Смолкла сирена. Зенитки молчат.
Очередь длинная в военкомат.
 
Кончилось детство, но строг военком:
– Время когда подойдёт – позовём!
 
* * *
 
Я всё хочу припомнить ту войну.
Мою войну, а не других рассказы.
Тогда, в четырнадцать, я сразу
Впервые оглядел мою страну.
 
Другой я и не мыслил лучше,
Я будто в центре, а кругом она.
И на нее ползет уже паучьей,
Безжалостною свастикой война
 
Смердит домов горящих дым,
Моих друзей мальчишеские лица.
И сколько бы война не будет длится,
Я был, как все, уверен – победим!
 
* * *
 
Что говорят о той войне?
Была любовь к своей стране.
К березам в поле, к матери и к дому…
Никто о ней не вспомнил по-другому.
 
Что говорить о той войне?
Был братом каждый парень мне.
Еврей, грузин, татарин – брат,
Советской Армии солдат.
 
Что говорить о той войне?
К победной мы пришли весне.
Победы велика цена –
Свободе Родины равна.
 
Солдатской кровью допьяна
Напоена, молчит война…
Плач матерей и слёзы вдов
О ней напоминают вновь.
 
Память
 
Бомба ушла под завалинку дома.
Не взорвалась.
Вот и повестка от военкома.
Мать извелась.
– Нет ведь, тебе восемнадцати, мальчик!
Год впереди!
– Мама, я взрослый, напрасно ты плачешь.
Мы победим!
Мы победим.
Наш народ – это сила!
 Все, как один!
– Только ко мне
Возвратился б ты, милый!
 Милый мой сын!
Дом покосился.
Про бомбу забыли.
Матери нет.
Мы победили!
Мы победили!
Сколько уж лет.
 
Проводы
 
К путям станционным вплотную дома.
Столбы.
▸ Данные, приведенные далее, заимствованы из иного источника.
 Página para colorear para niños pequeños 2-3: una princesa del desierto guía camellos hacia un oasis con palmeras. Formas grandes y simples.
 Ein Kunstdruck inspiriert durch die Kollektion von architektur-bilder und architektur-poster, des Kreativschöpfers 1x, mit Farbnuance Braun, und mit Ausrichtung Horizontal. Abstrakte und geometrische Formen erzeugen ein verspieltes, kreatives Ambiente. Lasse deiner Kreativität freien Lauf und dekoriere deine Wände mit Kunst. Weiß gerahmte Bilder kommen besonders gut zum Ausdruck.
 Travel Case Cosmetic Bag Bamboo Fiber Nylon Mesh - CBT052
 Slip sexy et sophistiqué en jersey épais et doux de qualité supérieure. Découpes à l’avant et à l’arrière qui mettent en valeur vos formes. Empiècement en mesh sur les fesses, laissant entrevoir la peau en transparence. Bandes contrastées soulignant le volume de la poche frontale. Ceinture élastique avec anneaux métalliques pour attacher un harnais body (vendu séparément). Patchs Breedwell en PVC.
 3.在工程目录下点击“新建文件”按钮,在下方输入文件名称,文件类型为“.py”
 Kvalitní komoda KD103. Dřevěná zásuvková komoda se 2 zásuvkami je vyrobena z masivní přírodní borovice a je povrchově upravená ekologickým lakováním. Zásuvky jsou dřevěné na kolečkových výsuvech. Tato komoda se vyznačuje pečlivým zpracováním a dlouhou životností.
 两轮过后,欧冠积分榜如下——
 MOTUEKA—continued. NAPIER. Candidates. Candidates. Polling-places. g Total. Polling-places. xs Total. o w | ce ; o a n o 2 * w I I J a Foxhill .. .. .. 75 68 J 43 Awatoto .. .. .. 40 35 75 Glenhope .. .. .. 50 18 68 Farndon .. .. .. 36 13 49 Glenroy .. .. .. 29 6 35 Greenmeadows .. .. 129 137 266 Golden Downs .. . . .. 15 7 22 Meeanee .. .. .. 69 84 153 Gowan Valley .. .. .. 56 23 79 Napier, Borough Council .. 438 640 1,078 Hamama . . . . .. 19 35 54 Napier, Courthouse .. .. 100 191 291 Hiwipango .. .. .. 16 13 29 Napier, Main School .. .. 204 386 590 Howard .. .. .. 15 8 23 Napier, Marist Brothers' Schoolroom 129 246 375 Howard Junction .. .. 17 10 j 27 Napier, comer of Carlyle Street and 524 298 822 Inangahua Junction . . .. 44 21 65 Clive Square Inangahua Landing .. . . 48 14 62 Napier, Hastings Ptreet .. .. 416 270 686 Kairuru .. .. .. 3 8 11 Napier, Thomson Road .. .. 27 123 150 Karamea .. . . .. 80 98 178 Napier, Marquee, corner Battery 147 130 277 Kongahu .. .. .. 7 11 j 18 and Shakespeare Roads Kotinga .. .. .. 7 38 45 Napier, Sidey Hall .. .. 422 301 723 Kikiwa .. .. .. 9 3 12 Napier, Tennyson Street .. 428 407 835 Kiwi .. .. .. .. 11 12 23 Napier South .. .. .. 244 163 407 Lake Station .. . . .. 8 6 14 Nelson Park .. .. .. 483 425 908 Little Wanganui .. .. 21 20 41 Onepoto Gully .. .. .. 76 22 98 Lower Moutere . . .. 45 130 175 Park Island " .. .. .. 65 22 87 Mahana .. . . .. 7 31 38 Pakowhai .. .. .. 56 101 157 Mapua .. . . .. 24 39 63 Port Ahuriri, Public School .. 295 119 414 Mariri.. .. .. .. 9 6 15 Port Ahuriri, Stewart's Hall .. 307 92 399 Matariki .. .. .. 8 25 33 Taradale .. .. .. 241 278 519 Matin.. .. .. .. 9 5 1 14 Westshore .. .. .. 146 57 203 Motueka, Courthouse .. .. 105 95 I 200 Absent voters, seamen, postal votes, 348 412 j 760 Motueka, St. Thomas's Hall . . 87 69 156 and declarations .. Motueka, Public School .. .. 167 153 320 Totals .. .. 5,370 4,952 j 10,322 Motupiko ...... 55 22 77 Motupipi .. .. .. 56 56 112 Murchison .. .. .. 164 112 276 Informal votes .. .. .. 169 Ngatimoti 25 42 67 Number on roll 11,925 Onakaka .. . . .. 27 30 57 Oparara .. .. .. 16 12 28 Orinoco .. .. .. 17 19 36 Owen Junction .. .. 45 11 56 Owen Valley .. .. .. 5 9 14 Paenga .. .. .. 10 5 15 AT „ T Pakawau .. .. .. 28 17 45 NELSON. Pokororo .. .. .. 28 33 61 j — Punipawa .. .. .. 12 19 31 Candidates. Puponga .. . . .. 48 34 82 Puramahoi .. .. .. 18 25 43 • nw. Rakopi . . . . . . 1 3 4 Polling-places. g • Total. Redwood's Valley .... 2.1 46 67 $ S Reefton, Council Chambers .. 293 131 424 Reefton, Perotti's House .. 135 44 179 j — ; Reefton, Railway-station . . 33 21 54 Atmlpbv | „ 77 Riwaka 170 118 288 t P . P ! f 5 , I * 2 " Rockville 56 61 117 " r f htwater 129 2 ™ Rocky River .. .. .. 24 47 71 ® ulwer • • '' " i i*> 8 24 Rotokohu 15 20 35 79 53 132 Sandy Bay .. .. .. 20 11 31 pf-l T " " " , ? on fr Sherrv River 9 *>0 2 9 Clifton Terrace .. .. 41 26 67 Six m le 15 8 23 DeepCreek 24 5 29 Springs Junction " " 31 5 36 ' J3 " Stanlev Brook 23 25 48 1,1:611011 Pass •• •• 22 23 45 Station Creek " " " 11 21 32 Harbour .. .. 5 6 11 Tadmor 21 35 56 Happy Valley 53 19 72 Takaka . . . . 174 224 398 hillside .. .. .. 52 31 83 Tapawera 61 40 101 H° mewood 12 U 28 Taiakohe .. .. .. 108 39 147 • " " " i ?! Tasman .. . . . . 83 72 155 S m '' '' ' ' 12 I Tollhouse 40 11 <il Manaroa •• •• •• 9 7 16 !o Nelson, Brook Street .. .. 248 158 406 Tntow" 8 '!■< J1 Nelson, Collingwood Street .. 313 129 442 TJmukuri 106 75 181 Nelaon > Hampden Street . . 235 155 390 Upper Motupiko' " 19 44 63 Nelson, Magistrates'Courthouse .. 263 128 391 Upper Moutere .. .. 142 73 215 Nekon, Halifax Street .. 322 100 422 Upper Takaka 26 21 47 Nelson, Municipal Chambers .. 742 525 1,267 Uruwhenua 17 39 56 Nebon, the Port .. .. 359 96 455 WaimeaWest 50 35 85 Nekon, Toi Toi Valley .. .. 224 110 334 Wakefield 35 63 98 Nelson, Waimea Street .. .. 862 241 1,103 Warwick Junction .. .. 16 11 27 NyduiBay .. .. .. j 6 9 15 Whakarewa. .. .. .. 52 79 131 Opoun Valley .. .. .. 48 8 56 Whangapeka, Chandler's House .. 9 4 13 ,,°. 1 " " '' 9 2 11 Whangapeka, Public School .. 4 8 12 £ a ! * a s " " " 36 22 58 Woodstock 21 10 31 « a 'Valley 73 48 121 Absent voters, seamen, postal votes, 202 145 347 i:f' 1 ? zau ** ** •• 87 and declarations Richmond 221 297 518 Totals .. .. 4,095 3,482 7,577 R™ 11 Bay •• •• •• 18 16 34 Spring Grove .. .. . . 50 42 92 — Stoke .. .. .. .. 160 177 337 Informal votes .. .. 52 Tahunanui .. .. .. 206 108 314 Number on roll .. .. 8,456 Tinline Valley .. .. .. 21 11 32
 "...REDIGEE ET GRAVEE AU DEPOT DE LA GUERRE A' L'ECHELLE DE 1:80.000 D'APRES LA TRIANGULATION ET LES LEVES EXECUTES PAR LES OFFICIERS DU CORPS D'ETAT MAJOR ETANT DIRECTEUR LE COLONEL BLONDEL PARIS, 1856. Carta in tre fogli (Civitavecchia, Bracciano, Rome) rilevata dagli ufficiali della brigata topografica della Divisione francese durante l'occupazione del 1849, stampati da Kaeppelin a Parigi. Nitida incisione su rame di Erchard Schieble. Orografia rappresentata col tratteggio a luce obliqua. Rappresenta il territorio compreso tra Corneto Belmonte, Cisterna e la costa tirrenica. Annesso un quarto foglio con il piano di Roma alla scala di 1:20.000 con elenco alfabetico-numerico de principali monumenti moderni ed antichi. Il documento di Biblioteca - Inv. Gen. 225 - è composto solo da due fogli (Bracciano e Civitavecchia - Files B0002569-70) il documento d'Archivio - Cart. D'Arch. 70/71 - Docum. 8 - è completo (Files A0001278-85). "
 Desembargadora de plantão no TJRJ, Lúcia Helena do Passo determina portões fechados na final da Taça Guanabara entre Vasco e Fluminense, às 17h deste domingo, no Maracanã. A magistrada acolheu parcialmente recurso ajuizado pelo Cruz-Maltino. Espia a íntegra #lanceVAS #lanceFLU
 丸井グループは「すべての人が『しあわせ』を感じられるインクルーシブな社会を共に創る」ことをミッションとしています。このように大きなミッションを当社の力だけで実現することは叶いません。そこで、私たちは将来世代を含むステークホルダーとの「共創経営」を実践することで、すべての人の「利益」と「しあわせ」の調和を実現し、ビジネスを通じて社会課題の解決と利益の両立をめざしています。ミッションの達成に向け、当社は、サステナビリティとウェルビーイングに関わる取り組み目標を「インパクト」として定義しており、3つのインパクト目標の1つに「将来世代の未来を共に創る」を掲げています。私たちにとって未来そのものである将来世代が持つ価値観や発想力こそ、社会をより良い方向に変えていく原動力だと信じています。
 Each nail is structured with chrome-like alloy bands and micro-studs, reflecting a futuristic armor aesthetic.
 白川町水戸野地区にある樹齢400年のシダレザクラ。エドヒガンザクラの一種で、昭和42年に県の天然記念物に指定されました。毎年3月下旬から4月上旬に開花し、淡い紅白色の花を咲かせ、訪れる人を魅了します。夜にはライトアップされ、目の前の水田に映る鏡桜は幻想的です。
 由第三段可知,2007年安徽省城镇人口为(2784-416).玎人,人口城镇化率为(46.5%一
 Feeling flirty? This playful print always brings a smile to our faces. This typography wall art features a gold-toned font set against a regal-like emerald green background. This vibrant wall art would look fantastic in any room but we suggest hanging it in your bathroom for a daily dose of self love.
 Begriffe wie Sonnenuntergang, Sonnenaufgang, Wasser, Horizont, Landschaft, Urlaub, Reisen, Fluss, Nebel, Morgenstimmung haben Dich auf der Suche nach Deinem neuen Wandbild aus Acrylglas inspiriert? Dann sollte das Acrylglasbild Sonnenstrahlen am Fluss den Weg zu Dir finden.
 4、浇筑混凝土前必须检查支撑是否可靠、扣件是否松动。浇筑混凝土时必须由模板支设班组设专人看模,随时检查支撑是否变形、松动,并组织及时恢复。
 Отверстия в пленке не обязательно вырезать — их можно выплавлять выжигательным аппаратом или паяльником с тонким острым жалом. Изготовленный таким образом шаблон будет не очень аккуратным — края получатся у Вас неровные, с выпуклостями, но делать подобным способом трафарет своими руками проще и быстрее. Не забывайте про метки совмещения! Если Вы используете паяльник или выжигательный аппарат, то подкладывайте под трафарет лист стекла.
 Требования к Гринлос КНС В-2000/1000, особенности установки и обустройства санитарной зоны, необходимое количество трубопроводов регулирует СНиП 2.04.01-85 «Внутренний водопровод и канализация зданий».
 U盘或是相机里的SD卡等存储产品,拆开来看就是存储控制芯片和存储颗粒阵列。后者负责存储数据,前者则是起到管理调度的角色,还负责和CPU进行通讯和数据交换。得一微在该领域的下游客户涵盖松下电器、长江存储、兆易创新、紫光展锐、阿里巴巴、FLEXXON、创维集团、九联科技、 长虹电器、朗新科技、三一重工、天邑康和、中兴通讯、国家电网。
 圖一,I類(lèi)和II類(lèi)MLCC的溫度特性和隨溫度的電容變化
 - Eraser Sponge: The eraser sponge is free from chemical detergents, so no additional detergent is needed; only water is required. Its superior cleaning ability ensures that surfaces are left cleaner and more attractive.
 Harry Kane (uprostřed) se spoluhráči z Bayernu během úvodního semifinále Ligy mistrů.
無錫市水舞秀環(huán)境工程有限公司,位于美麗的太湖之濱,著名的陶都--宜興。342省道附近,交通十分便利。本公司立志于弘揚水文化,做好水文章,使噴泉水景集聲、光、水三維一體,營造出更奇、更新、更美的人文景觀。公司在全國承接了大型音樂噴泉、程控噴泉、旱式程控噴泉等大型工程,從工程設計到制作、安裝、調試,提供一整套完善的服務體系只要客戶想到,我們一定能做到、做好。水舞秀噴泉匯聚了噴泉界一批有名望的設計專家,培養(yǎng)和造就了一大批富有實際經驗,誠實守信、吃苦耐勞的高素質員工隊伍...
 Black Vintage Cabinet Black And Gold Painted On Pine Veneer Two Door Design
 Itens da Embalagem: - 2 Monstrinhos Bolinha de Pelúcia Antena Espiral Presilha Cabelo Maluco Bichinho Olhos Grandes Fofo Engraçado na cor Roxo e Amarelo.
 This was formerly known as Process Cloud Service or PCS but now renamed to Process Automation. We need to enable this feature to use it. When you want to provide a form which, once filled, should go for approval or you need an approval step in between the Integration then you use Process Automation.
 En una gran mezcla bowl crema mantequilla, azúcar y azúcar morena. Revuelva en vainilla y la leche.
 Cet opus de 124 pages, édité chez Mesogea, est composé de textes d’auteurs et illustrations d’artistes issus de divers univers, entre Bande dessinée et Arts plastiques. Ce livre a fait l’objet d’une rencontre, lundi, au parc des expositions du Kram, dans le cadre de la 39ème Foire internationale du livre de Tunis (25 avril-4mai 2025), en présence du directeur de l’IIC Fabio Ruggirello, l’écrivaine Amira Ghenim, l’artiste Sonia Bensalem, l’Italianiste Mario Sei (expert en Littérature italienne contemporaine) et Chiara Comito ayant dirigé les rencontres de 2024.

Тополя. Низкорослые липы.
Февраль на исходе. Прощаясь, зима
Бросает метель в провожающих лики.
«Прощанье славянки». Оркестр духовой.
И мне всё равно, что валторна фальшивит.
Протяжный гудок. Возвращусь я домой,
Возможно, когда станут липы большими.
Возможно, успеют они подрасти
Пока мы вернёмся. Вернёмся, ей Богу!
А сердце не в силах все чувства вместить,
Оно впереди эшелона, в дороге.
Всё это словами нельзя передать.
И вы не поймете, не стоит стараться.
Для этого надо, чтоб Родина-мать
Пылала в огне. И чтоб вам по семнадцать.
На фронте отцы. Три года войны.
Как в прорву ушли, кто годами постарше...
Отходит состав, и уж еле слышны
Прощальные вздохи старинного марша.
 
Верность
 
Февраль. Сорок четвёртый год. Война.
В свои семнадцать я так мало знаю.
Но твердо верю – Родина одна!
Я ни на что её не променяю.
Голодная, на карточном пайке.
Промёрзшая студеною порою...
С винтовкою в мальчишеской руке
Тебя собою, Родина, прикрою.
Теснят врага гранёные штыки.
В трофейных сводках спрятаны потери.
Скажи о них мне кто-то – велики! –
Я ни за что б на свете не поверил.
Я знал, победа там, где алый стяг.
Не зря Москва в салютах торжествует!
И так жалел я, что не брал рейхстаг,
Что не ходил на немца в штыковую!
... Еще никем не названа цена,
Цена Победы в сорок пятом мае.
Сорок четвертый год. Идет война.
В свои семнадцать я так мало знаю.
 
Взводный
 
Дядя Толя ещё петушком,
Чуть хромая, ступает бойко.
Допоздна над его столом
Лампа светит. Пустует койка.
У него на столе роман –
Он запоем читает книги
Про туземцев-островитян,
Про дворян французских интриги.
Мемуары дарить ему зря.
Лишь промолвит: «Пустая трата!
Сочиняют их писаря
В генеральских чинах, не солдаты».
Чуть смягчится колючесть глаз,
Если выпьет на праздник рюмашку.
– Прекрати про войну свой рассказ.
Разве видел войну ты, Пашка?
Он-то видел всю кровь и грязь,
Всю изнанку войны. И всё же,
Хоть и вправе сказать не стыдясь,
Обо всем поведать не может.
У него хромая нога:
Напоролся в атаке на мину.
В грудь ранение – пулей врага,
Ножевое – от «наших», в спину.
Он рукою, что мелко дрожит,
К горькой рюмке тянется снова...
Бывший взводный, оставшийся жить,
Из погибшего взвода штрафного.
 
* * *
 
Война и молодость – они
Казалось, многое прощали
И мы тогда не замечали
Летящие в безвестье дни.
И мы не видели вины
В своих шагах неосторожных.
Тогда команда старшины
Была законом непреложным.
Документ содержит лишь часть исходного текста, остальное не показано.